▶ **How to complete this task**: This task calls for the lines below starting at the one containing "Inspired by a" and ending at the one containing "Długopis Biurowy Przezroczysty", repeated exactly with both ends kept and pictures left out.

▶ **Material shown**:
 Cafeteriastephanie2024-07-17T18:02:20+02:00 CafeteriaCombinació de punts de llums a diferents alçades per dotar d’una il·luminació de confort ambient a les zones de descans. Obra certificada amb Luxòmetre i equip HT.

* * *

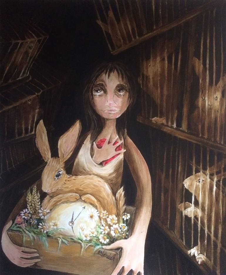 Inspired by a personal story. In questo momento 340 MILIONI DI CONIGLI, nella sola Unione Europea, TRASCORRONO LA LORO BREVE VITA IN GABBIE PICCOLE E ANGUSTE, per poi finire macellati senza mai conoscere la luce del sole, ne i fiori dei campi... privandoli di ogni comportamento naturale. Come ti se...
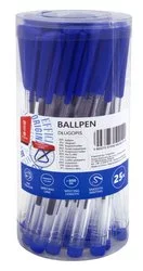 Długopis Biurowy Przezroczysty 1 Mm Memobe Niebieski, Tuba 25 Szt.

▶ **Task solution**:
 Inspired by a personal story. In questo momento 340 MILIONI DI CONIGLI, nella sola Unione Europea, TRASCORRONO LA LORO BREVE VITA IN GABBIE PICCOLE E ANGUSTE, per poi finire macellati senza mai conoscere la luce del sole, ne i fiori dei campi... privandoli di ogni comportamento naturale. Come ti se...
 Długopis Biurowy Przezroczysty 1 Mm Memobe Niebieski, Tuba 25 Szt.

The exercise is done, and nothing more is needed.